> _What the task requires_
Keep the text of the data exactly as it is and omit each picture from the copy.

> _Collected material_
"""
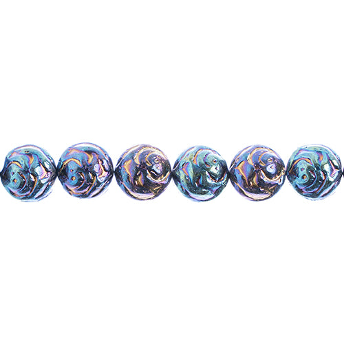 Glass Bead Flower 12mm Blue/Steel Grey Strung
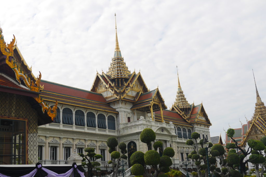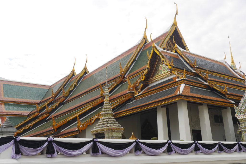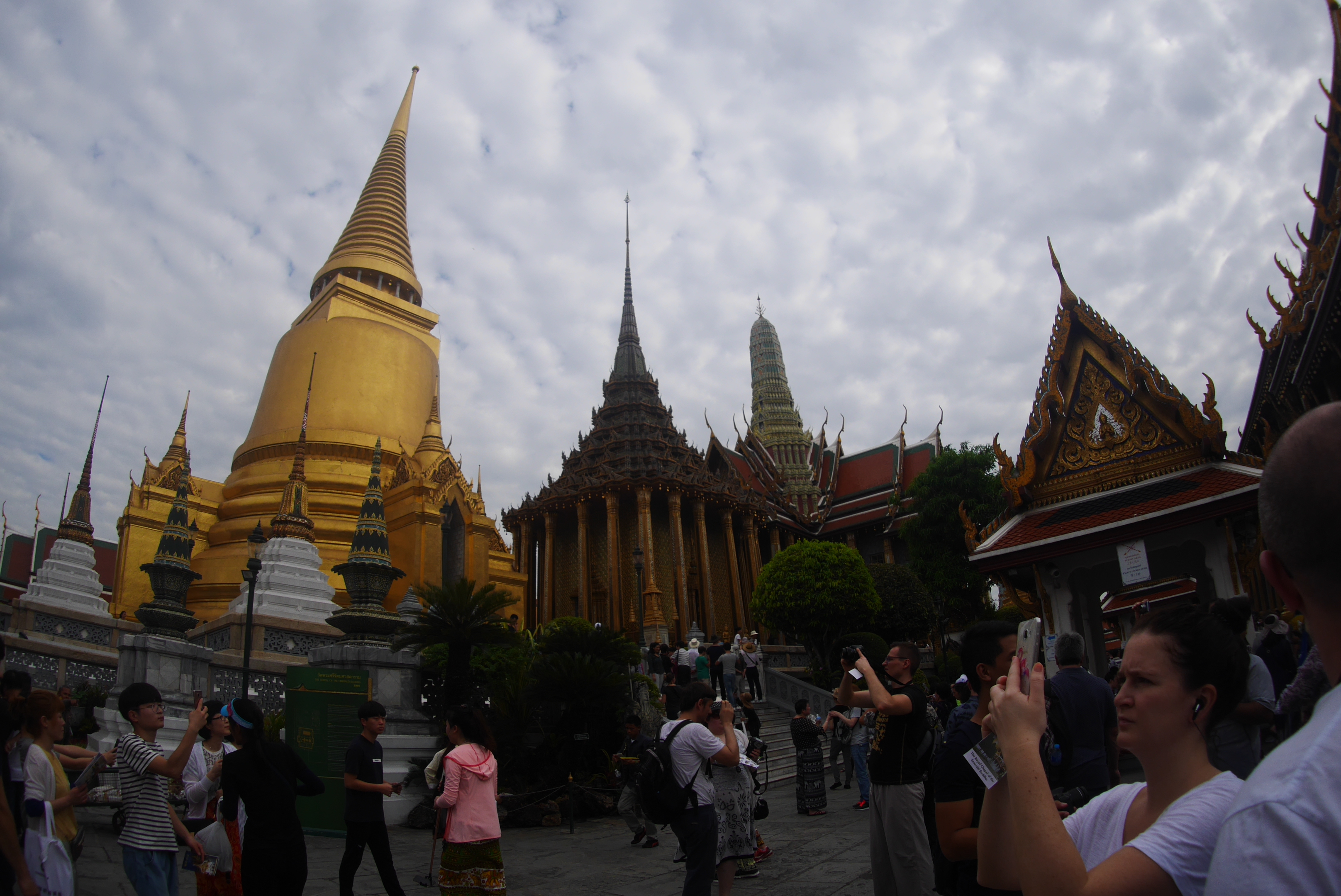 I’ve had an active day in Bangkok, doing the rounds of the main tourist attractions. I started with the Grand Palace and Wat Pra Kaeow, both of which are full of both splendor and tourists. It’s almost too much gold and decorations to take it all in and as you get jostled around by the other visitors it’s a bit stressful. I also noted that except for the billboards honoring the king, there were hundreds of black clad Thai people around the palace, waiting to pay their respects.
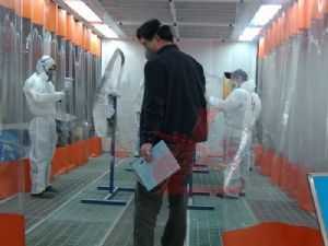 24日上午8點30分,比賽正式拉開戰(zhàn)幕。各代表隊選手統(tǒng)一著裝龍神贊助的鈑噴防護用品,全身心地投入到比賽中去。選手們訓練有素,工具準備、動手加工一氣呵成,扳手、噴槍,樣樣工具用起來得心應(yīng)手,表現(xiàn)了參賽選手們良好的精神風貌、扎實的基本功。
"""
> _Result of this exercise_
 Glass Bead Flower 12mm Blue/Steel Grey Strung
 I’ve had an active day in Bangkok, doing the rounds of the main tourist attractions. I started with the Grand Palace and Wat Pra Kaeow, both of which are full of both splendor and tourists. It’s almost too much gold and decorations to take it all in and as you get jostled around by the other visitors it’s a bit stressful. I also noted that except for the billboards honoring the king, there were hundreds of black clad Thai people around the palace, waiting to pay their respects.
 24日上午8點30分,比賽正式拉開戰(zhàn)幕。各代表隊選手統(tǒng)一著裝龍神贊助的鈑噴防護用品,全身心地投入到比賽中去。選手們訓練有素,工具準備、動手加工一氣呵成,扳手、噴槍,樣樣工具用起來得心應(yīng)手,表現(xiàn)了參賽選手們良好的精神風貌、扎實的基本功。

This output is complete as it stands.